En 2007, l’Union Européenne a mis en place le règlement pédiatrique européen (57) qui a pour objectif de faciliter le développement et l'accessibilité de médicaments à usage pédiatrique mais aussi d’assurer que ces médicaments fassent l'objet de recherches cliniques d'une grande qualité. Ce règlement impose aux firmes pharmaceutiques l’obligation de déposer auprès du Comité européen Pédiatrique (PDCO) un Plan d’Investigation Pédiatrique (PIP). Le PDCO est responsable de la coordination des activités relatives aux médicaments pédiatriques et inclut des représentants des patients (58).

Le PIP est élaboré pendant le processus de développement du médicament et avant la demande d’AMM (Autorisation de Mise sur le Marché), afin de garantir que les données nécessaires à l’usage pédiatrique d’un médicament soient obtenues lorsque cela peut être réalisé sans danger. Il doit être déposé avant la fin des études pharmacocinétiques chez les adultes. L’objectif du PIP est donc de soutenir l’autorisation pédiatrique d’un médicament.

34 3.4. Risque iatrogénique

Les données épidémiologiques des pays développés révèlent que sur une année, la moitié de la population pédiatrique a recours à une large gamme de médicaments et principalement chez les jeunes enfants (59–61).

En pédiatrie, 18% à 60% des médicaments prescrits à l’hôpital sont utilisés en dehors des indications figurant sur l’Autorisation de Mise sur le Marché (AMM) et jusqu’à 48% d’entre eux sont contre-indiqués en pédiatrie (62).
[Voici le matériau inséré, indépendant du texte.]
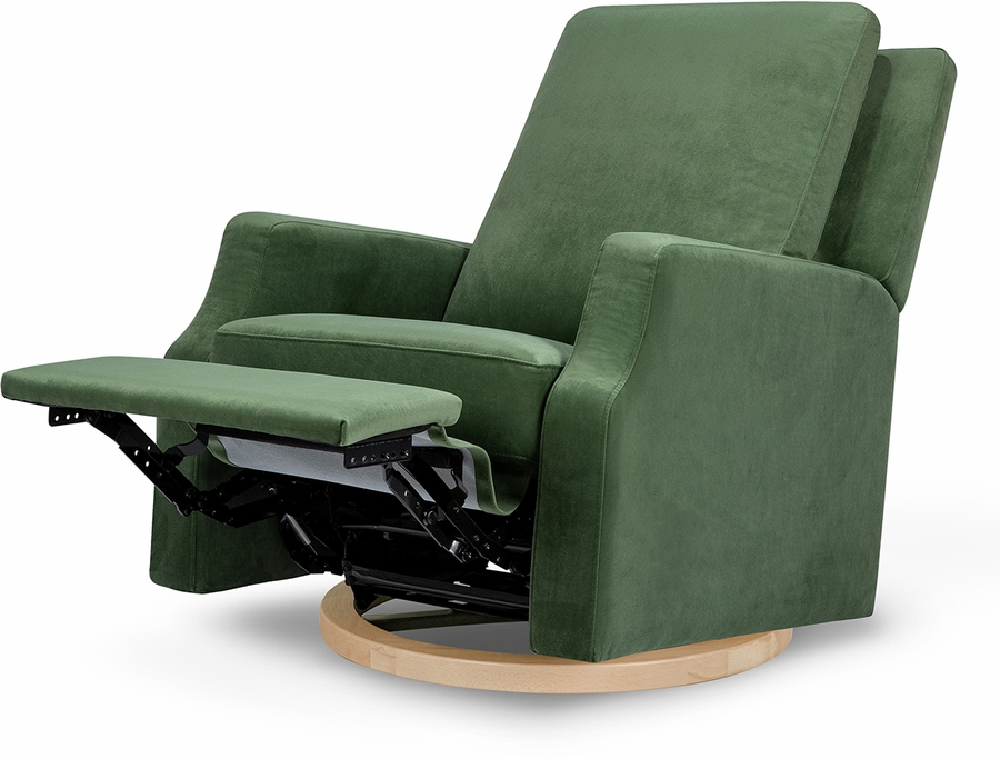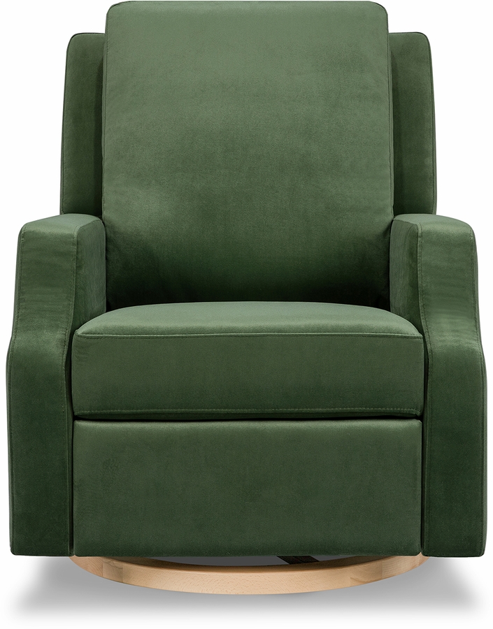 The Crewe Recliner blends form and function with its crisp, contemporary design and comfortable seat. Its smooth, back-and-forth gliding motion helps you rock your baby to sleep with ease, while the plush back cushion, hidden recline mechanism, and convenient swivel create an inviting repose for both you and your baby.

Par ailleurs, cette proportion est plus importante chez les patients prématurés (93% de prescriptions hors AMM dans les unités de réanimation néonatale), les nouveaux nés et les enfants de moins de deux ans (62). Ainsi, le taux de prescriptions de médicaments hors AMM et/ou non autorisés conduisant au moins à un effet indésirable médicamenteux peut atteindre 23% à 60% (4,5), l'incidence des effets indésirables chez l’enfant hospitalisé varie de 9 à 16% et la fréquence des hospitalisations pour effets indésirables est d’environ 1,8% (63).

Les médicaments utilisés en pédiatrie peuvent entrainer des erreurs médicamenteuses à différentes étapes du circuit du médicament (depuis la prescription jusqu’à l’administration) (6). Par exemple, des erreurs de calcul ou de dosage conduisent à des surdosages multipliant par dix la dose prescrite chez les enfants et ce, plus particulièrement, chez les nouveau-nés (64,65).
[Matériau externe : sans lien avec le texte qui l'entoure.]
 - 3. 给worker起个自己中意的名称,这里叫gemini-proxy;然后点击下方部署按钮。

Parmi l’ensemble des médicaments prescrits aux enfants, les antibiotiques sont les plus fréquemment utilisés (66). Une étude pilote réalisée au CHU de Sainte Justine à Montréal a en effet montré qu’environ 45% des enfants hospitalisés étaient admis pour une maladie infectieuse, et que parmi les interventions pharmaceutiques réalisées en unités de soins, 35,7% des cas concernaient les anti-infectieux et étaient dus soit à des défauts de suivi biologique, soit à des erreurs de posologie entrainant des sur ou des sous-dosages (66).